All exports operate on the redacted dataset — copy buttons emit the embedded placeholder values; originals were redacted before embed and don't exist in the file.

Anti-patterns

Loading data from a separate file. Defeats the "send the link" property.
Embedding credential-bearing fields verbatim. Logs and API dumps routinely carry Authorization headers, cookies, and API keys — and the full dataset lives in page source even when filtered out of view. Run the redaction pass first.
Filtering that requires an Apply button. Live filtering is the whole point.
Forgetting the row count. The first thing a data person wants to know.
Silent truncation of large datasets. Tell the user explicitly: "showing first 500 of 12,408 rows".
Charts without axis labels or units.
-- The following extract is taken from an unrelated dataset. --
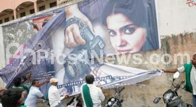 Photo Caption : Protesting farmers barged into padma theatre and stopped the screening and pulled down down the tamil movie poster in protest against release of Cauvery Water, in Mysuru on Tuesday 30th August 2016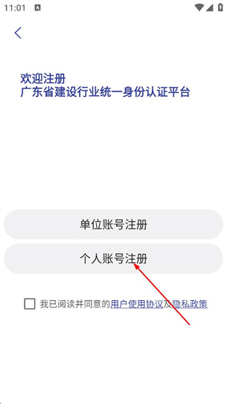 2、在注冊選擇頁,點(diǎn)擊個(gè)人賬號(hào)注冊按鈕,進(jìn)入個(gè)人賬號(hào)注冊頁面。

Useless to anyone but the builder.

Example prompt

Here's our payment failure log for last week [pasted CSV, 4000 rows]. Build me an HTML explorer — filters by region, error code, processor, and time range. A timeline chart at top showing failures per hour. Table below with click-to-expand details. Copy-as-SQL button.

Output: HTML file with the 4000 rows baked in (after the mandatory secret-redaction pass — payment logs often carry processor tokens), a filter bar (4 facets), a timeline chart at top with brushable selection, filterable/sortable table below, click-to-expand row detail, summary stats at top updating with filters, and a copy-as-SQL button.